If you happen to be dissatisfied with the state of the world, you're far from alone. The past few months have seen massive antigovernment protests in several countries around the globe, from Hong Kong and Indonesia to Lebanon and Iraq, from the French Gilets Jaunes and Dutch farmers' movement to battles in Haiti, Ecuador, and Bolivia.
One crest on this massive wave is in Chile. After the center-right government of billionaire President Sebastián Piñera announced a subway fare hike, students began organizing protests first on social media and then by jumping turnstiles. Soon millions were out in the streets sharing their discontent by fighting police, destroying property, and demanding massive reforms. At least 20 people have died, some killed by police and the military. The government has announced it will respond by reforming the country's constitution, imposed in the '70s by the dictatorial regime of Augusto Pinochet, who came to power in a U.S.-backed coup that saw the assassination of socialist President Salvador Allende.

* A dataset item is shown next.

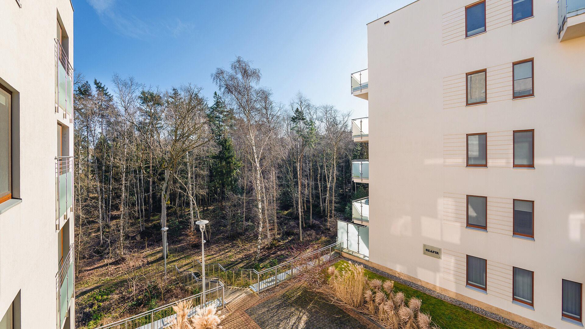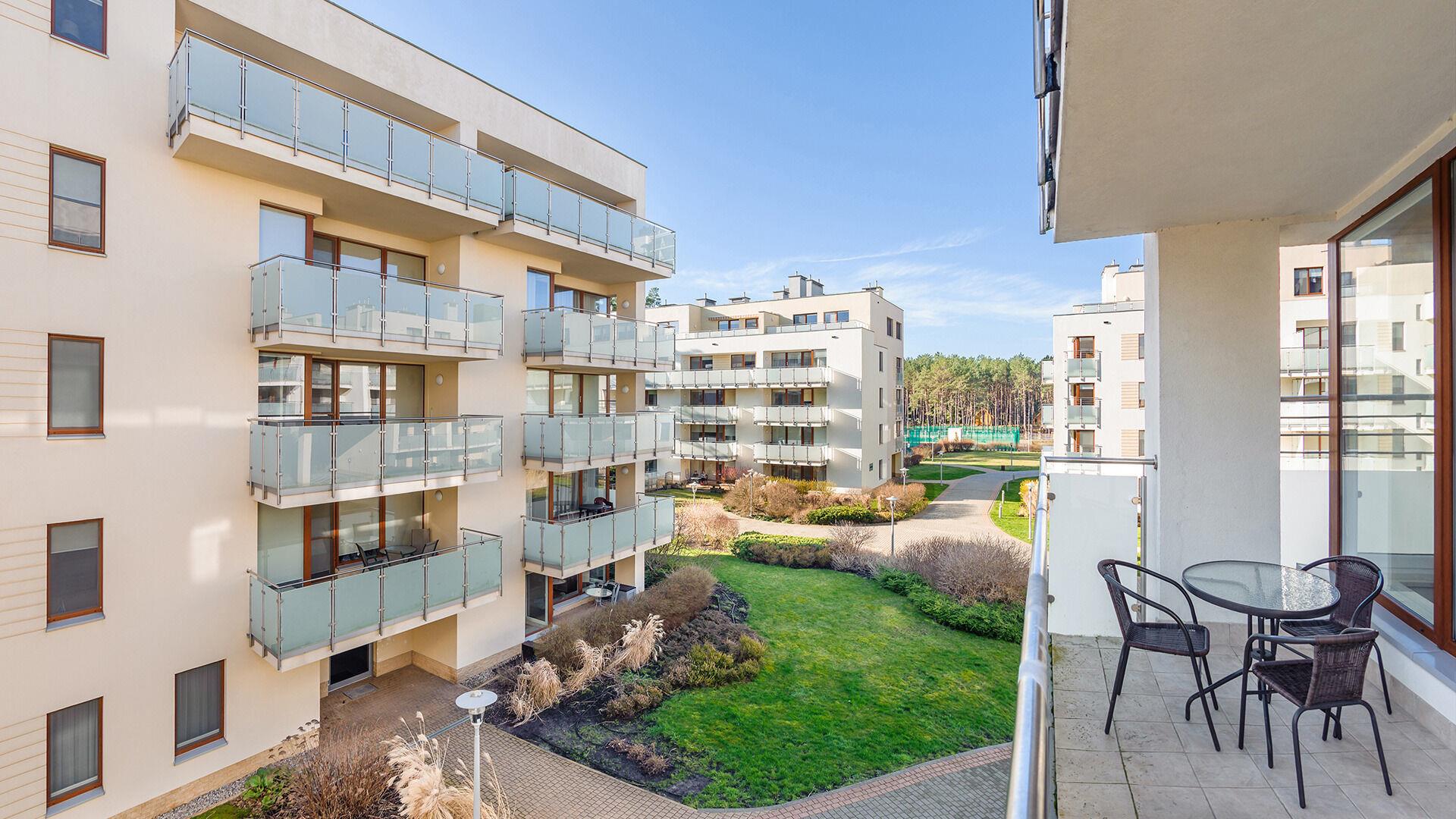 Aquamarina ist ein modernes Apartmentkomplex. Es befindet sich direkt am Wald, was die Nähe zur Natur fördert. Um den Strand zu erreichen, muss man nur eine Düne überqueren. Die Lage ist ideal für Menschen, die Ruhe und Entspannung schätzen. Die Apartments sind komfortabel eingerichtet und ausgestattet, die Fenster der meisten von ihnen sind zum Wald hin ausgerichtet.

As this movement reaches its climax, it's a somewhat happy coincidence that a South Florida museum will soon open an exhibition by a Chilean artist, one whose work has been deeply marked by her country's legacy of political strife. "Cecilia Vicuña: About to Happen" will begin its run at the Museum of Contemporary Art North Miami Tuesday, November 26, and remain on display until late March 2020.
"I was 24 years old when the military coup of 1973 took place, and from that moment forward, growing injustice and inequality set in," Vicuña says. "Chile is one of the most unequal countries in the world, where people’s basic rights have been removed, so the protest was long overdue. But the state response so far has been a brutal crackdown."
Not only a commentary on her exile from her homeland — she was abroad when Pinochet came to power, and has not returned to Chile since — the works in "About to Happen" also reflect on a wider sense of loss and a desire to recall other ways of living. Her khipu works recall indigenous arts and language lost to colonialism and repression. Installations such as Balsa Snake Raft to Escape the Flood incorporate found objects such as sticks and ropes. Vicuña has suspended the materials of that work in midair, making a direct reference to the ongoing climate catastrophe that's resulted from human greed. Her paintings, based on indigenous artists' efforts to sneak native religious icons into Catholic scenes, are similarly indignant and depict historical leftists such as Karl Marx, Vladimir Lenin, and Allende.
"You could say my paintings, khipus, all of my work is an act of memory, remembering that we can live in a different way, without oppression," she says.
Alongside "About to Happen," MOCA will exhibit another exiled artist's work. "Poetic Invocations" traces the career of the late Alice Rahon, a French-born poet who left the surrealist art scene in Paris to move to Mexico just before World War II. She took to painting in her new country and, using unconventional techniques such as graffito markings, produced dreamlike images inspired by Mexican mythology and landscapes.
Poetry happens to link the two artists rather well. A highly acclaimed poet, Vicuña has published dozens of books in the genre and edited compilations of Latin American poetry. Their words and art, long overlooked in the United States, are sure to take center stage at MOCA North Miami.
"Cecilia Vicuña: About to Happen" and "Poetic Invocations." November 26 through March 29, 2020, at the Museum of Contemporary Art North Miami, 770 NE 125th St., North Miami; 305-893-6211; mocanomi.org. Admission is $10.